ARTIST TALK & FILM SCREENING: with Eleanor Ekserdjian

Saturday 20 September 2025

 

An introductory talk and film screening (8 mins) with artist and filmmaker Eleanor Ekserdjian. Followed by a Q&A.

Imagined Landscapes was filmed in Armenia in September 2022 and describes her first sight of a landscape that she had always imagined but never seen. This project came out of her experience of growing up in Britain with a curiosity about Armenia and her family, who left Constantinople in the early twentieth century. Her film records ancient landscapes and monastery complexes that Eleanor’s ancestors may have seen through her eyes, as they are now.

During the filming of Imagined Landscapes, Eleanor experienced being shelled when near the border with Azerbaijan in Goris on 12 September 2022. This is only represented by a tonal change in music while filming at Tatev Monastery, a site which she visited on her journey from Goris. The film turns from black and white to colour near the end of the work, representing the return to colour in her painting during this time in Armenia but also to signal hopefulness for the future of the country.

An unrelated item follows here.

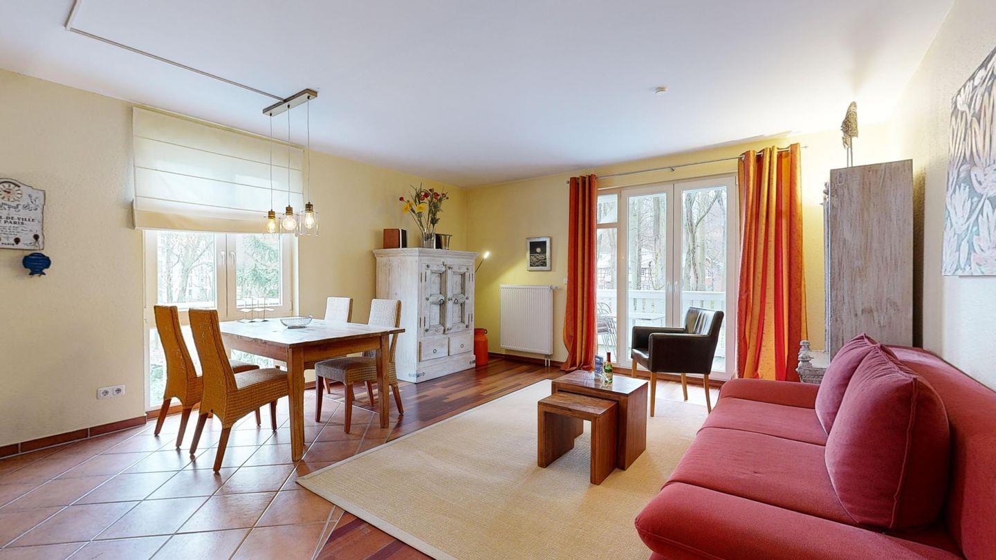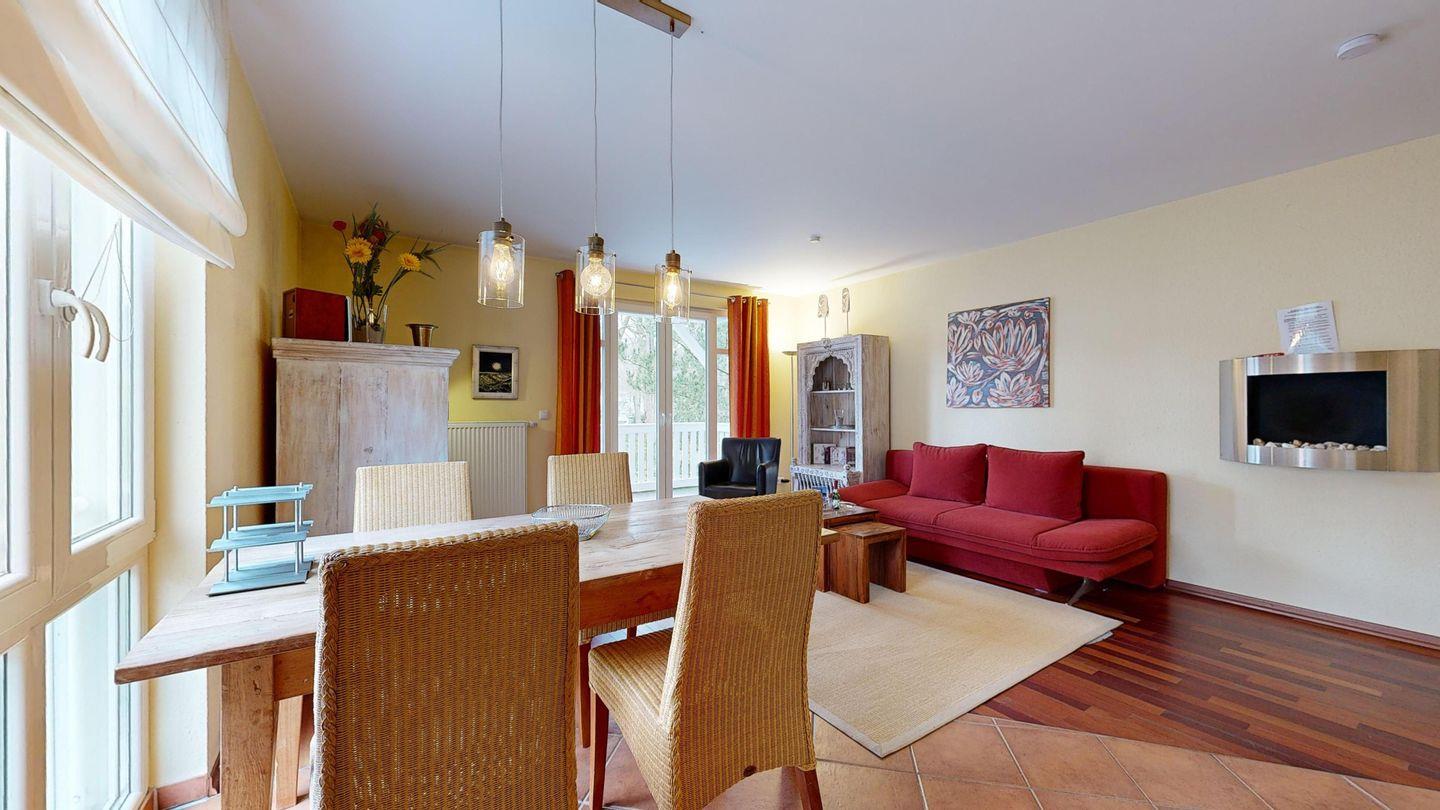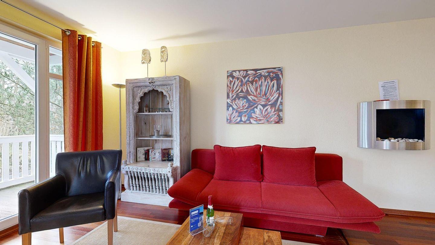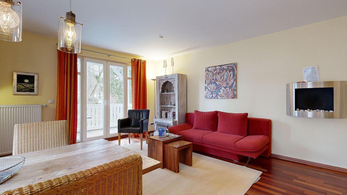 * Wohnzimmer: Kabel-TV, DVD-Player, Stereoanlage, Kamin (Edelstahl-Wandkamin), der mit Bio-Ethanol betrieben wird, WLAN-Internetanschluss und Essplatz

The work was filmed and edited by Eleanor Ekserdjian. The music used is Alexander Spendiaryan’s Yerevan Etudes, also the first reaction of a Diaspora Armenian seeing their homeland for the first time.

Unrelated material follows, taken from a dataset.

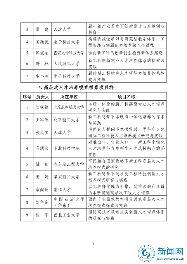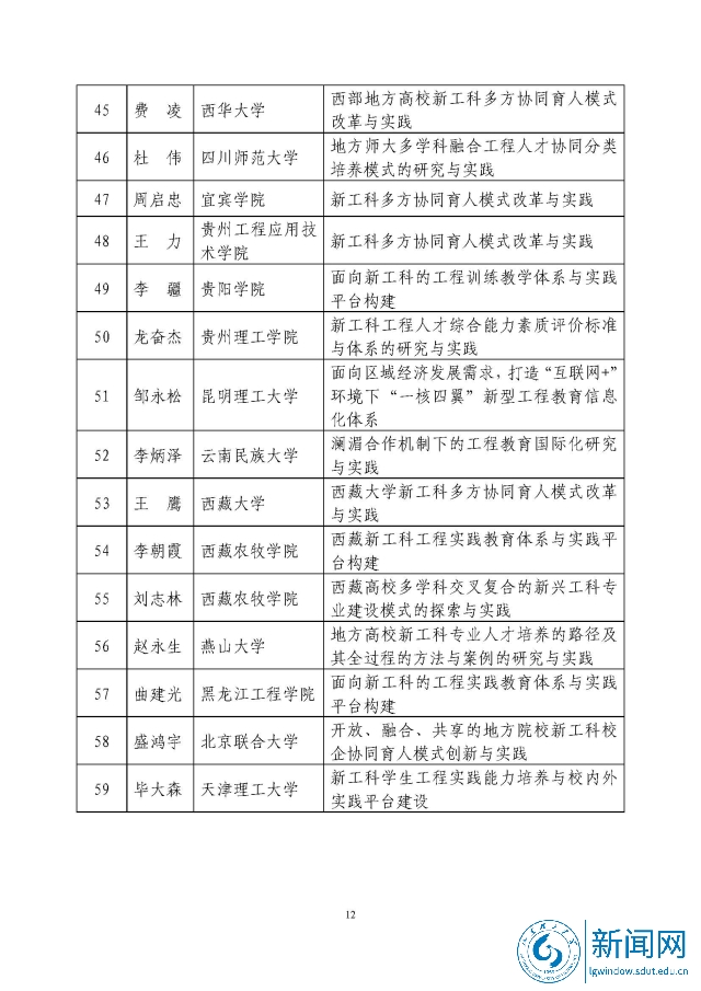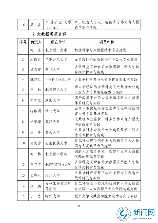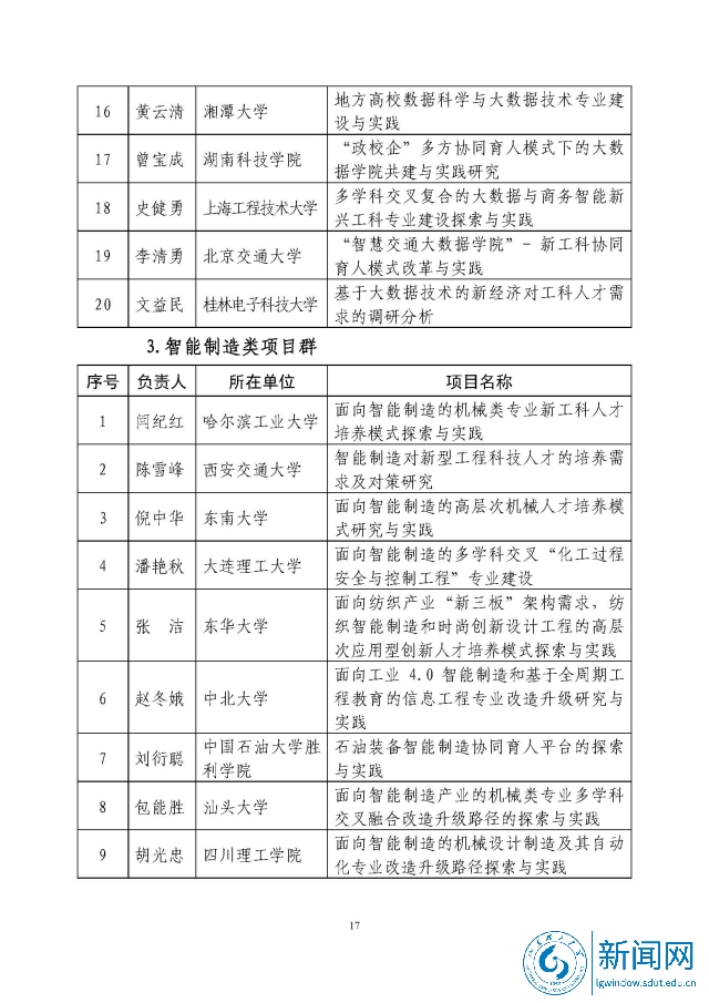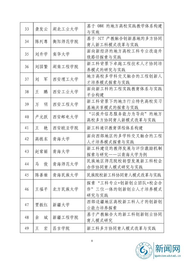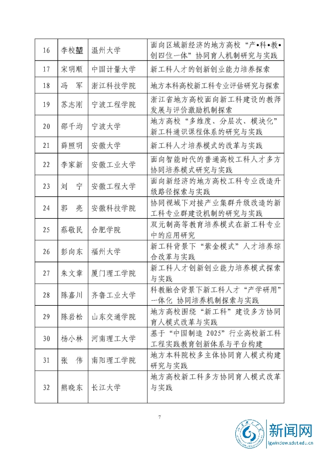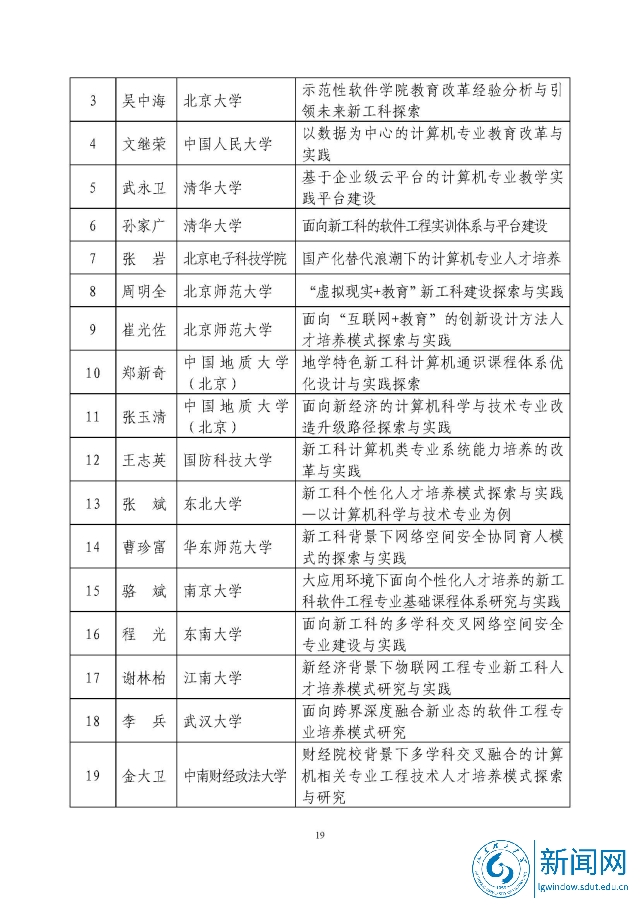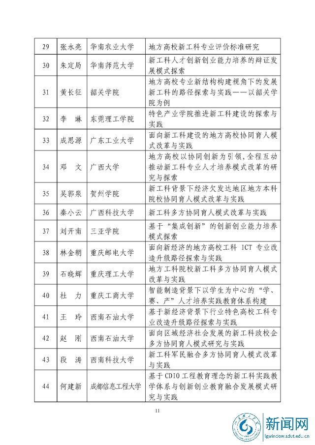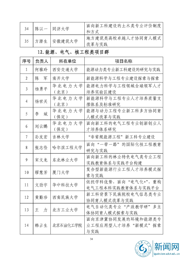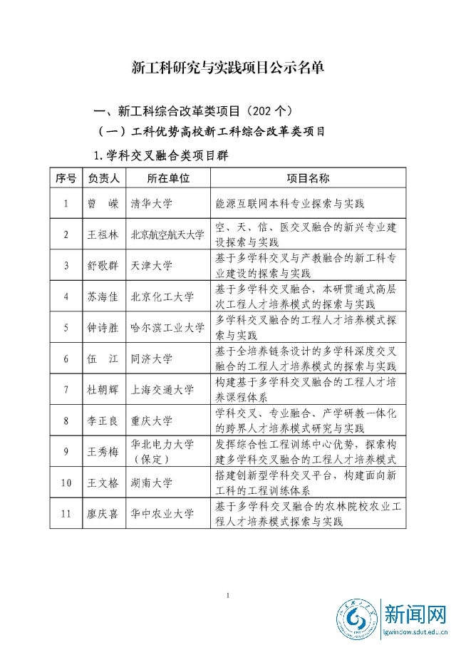 新工科研究与实践项目公示名单

Eleanor is exhibiting in the ‘Land & Source: Memories of Place’ show in New York featuring four artists who have a distinct relationship to place as a source of memories.

Biography 

Eleanor Ekserdjian

[ 1996
- Present ]
Eleanor Ekserdjian (b. 1996) is a painter and film artist. Ekserdjian’s practice involves projecting the moving image onto paper or canvas and drawing from and over it, her physical and emotional responses being made visible through rapid mark-making. These paintings and drawings become lyrical landscapes which explore her evolving emotional response to the film. Her most recent film and painting series was made during a six-week artist residency in Armenia, and explores cultural memory through landscape. Pepe Karmel, author of Abstract Art: A Global History, defined her work as ‘Poetic, elegant and mysterious — a kinetic, subjective transcription of the world into calligraphy.’